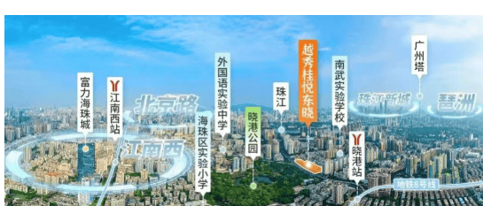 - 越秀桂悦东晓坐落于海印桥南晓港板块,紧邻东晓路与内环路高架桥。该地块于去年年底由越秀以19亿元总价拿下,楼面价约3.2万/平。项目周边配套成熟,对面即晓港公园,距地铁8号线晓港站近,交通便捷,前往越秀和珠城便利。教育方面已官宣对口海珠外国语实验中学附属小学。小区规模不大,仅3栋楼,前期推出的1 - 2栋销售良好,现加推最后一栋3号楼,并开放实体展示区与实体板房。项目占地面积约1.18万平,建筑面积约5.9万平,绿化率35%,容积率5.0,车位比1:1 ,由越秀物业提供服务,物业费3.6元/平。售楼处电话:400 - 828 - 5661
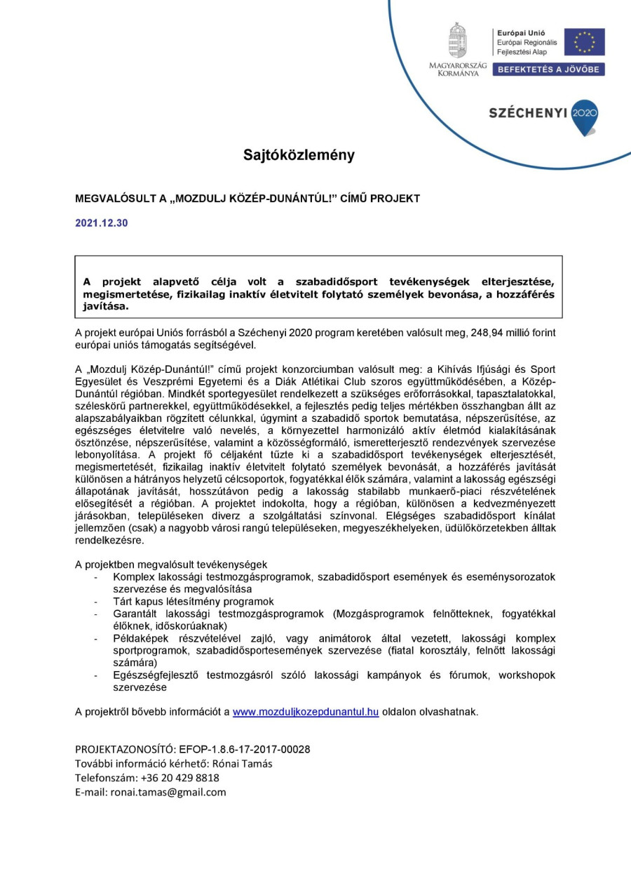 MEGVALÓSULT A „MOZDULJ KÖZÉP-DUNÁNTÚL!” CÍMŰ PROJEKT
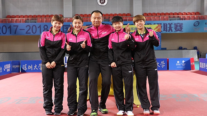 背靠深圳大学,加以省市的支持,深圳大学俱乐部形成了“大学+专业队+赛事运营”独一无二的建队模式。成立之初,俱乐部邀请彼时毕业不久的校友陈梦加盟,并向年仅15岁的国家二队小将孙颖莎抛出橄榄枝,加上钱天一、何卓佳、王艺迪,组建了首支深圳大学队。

• • • • • • •

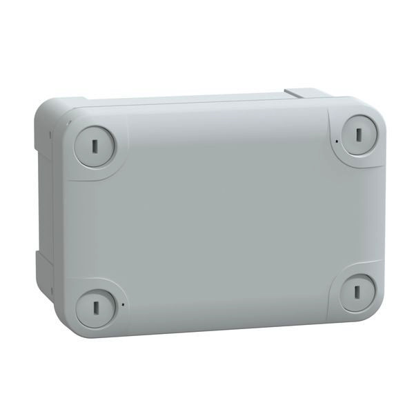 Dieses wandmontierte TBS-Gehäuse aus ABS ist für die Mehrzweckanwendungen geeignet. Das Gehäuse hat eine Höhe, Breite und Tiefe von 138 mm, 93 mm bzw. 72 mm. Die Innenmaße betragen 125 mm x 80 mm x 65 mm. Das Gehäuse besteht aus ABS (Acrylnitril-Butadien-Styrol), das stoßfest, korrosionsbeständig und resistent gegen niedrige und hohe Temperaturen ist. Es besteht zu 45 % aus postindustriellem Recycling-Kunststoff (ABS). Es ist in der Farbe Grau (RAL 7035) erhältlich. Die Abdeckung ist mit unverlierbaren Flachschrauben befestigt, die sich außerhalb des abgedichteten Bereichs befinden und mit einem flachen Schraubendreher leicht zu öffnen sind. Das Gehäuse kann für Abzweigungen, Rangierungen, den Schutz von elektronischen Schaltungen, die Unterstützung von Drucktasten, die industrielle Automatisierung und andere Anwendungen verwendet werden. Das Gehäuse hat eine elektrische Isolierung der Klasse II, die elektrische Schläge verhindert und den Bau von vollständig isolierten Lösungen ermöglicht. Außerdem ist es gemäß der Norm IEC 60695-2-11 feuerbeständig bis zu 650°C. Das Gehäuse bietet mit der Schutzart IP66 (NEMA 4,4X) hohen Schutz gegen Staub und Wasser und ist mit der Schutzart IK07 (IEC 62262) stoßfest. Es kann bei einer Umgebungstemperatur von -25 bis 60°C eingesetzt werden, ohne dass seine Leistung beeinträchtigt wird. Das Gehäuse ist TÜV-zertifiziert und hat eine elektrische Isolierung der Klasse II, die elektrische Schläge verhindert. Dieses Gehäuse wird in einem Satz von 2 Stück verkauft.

• • • • • • •

◆ WORK TO BE COMPLETED:
All pictures are to be skipped. Output, word for word, the lines in the data above starting at the line containing "- 828 - 5661" and ending at the line containing "背靠深圳大学,加以省市的支持".

◆ OUTPUT FOR THIS EXERCISE:
 - 越秀桂悦东晓坐落于海印桥南晓港板块,紧邻东晓路与内环路高架桥。该地块于去年年底由越秀以19亿元总价拿下,楼面价约3.2万/平。项目周边配套成熟,对面即晓港公园,距地铁8号线晓港站近,交通便捷,前往越秀和珠城便利。教育方面已官宣对口海珠外国语实验中学附属小学。小区规模不大,仅3栋楼,前期推出的1 - 2栋销售良好,现加推最后一栋3号楼,并开放实体展示区与实体板房。项目占地面积约1.18万平,建筑面积约5.9万平,绿化率35%,容积率5.0,车位比1:1 ,由越秀物业提供服务,物业费3.6元/平。售楼处电话:400 - 828 - 5661
 MEGVALÓSULT A „MOZDULJ KÖZÉP-DUNÁNTÚL!” CÍMŰ PROJEKT
 背靠深圳大学,加以省市的支持,深圳大学俱乐部形成了“大学+专业队+赛事运营”独一无二的建队模式。成立之初,俱乐部邀请彼时毕业不久的校友陈梦加盟,并向年仅15岁的国家二队小将孙颖莎抛出橄榄枝,加上钱天一、何卓佳、王艺迪,组建了首支深圳大学队。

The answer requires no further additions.